Unique: First large-scale code dataset to implement opt-out governance at dataset level rather than relying solely on license compliance, with transparent registry and community submission process — shifts power from dataset creators to code contributors
vs alternatives: More respectful of creator autonomy than GitHub Copilot's training approach (no opt-out) or academic datasets (one-time snapshot), and more scalable than individual DMCA takedowns
Automated pipeline that scans source code for personally identifiable information (email addresses, API keys, SSH keys, credit card patterns, phone numbers) and removes or redacts them before dataset release. Uses regex patterns, entropy-based detection for secrets, and heuristic rules to identify sensitive data. Operates at file level with configurable sensitivity thresholds to balance data utility against privacy risk.

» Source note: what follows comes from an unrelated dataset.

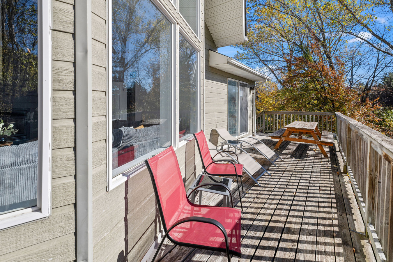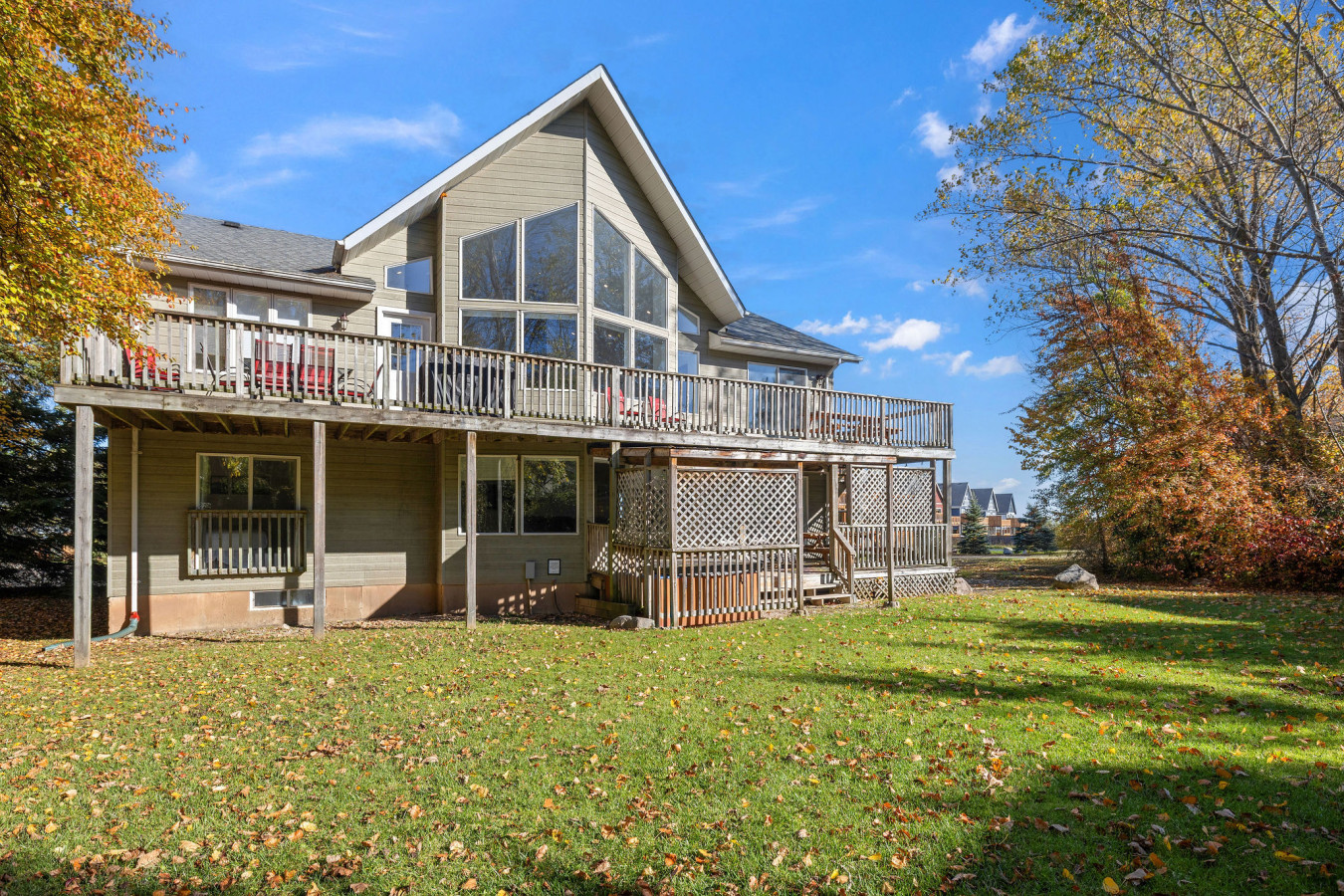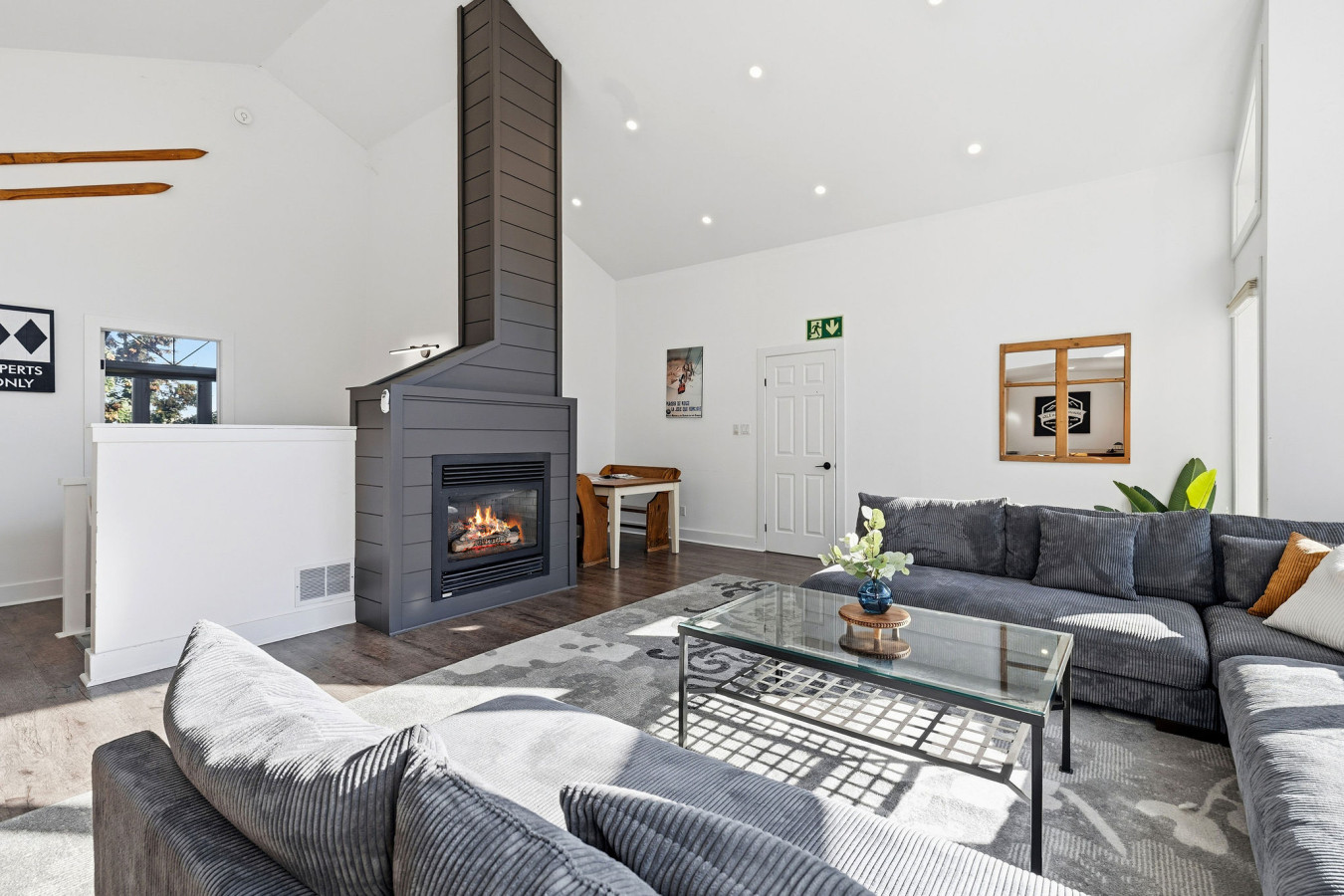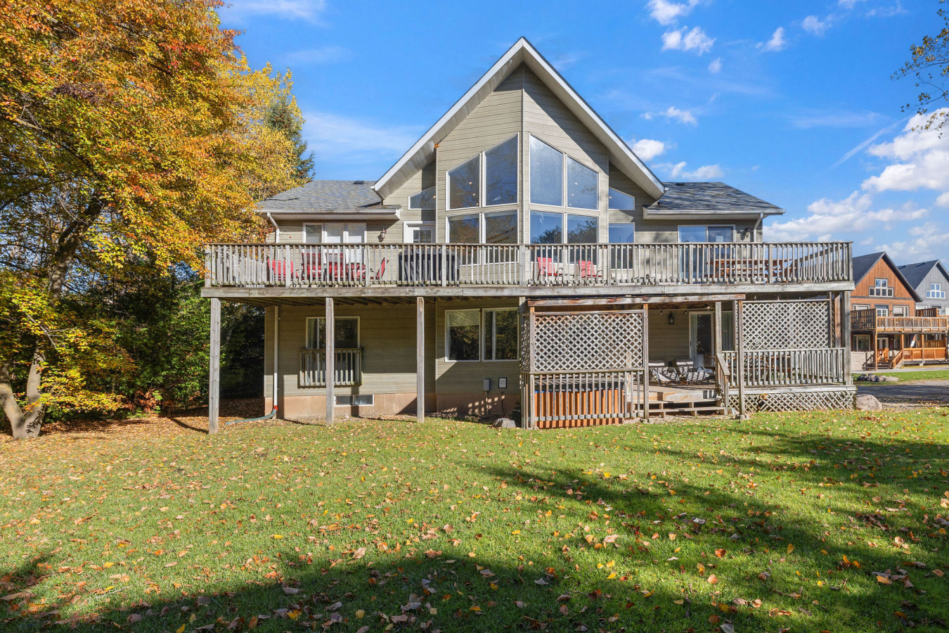 The Main Level of the chalet features 5 bedrooms and 2 washrooms, as well as a large, open living room with cable & smart TV. There is easy access to the main floor deck on which to enjoy the 6-person outdoor hot tub year-round.

Unique: Combines regex pattern matching, entropy-based secret detection, and heuristic rules in a unified pipeline with configurable sensitivity — more comprehensive than simple regex-only approaches, but trades off false positive rate against security coverage
vs alternatives: More thorough than GitHub's secret scanning (which only flags known patterns) because it includes entropy-based detection for unknown secret formats, but less accurate than specialized tools like TruffleHog due to language-agnostic approach
Indexes 67 TB of source code across 600+ programming languages with language-aware metadata (syntax, file extension, language family). Enables retrieval by language, license, repository, or code patterns. Uses Software Heritage's existing indexing infrastructure as foundation, augmented with language detection and classification. Supports both bulk download and filtered queries for specific language subsets.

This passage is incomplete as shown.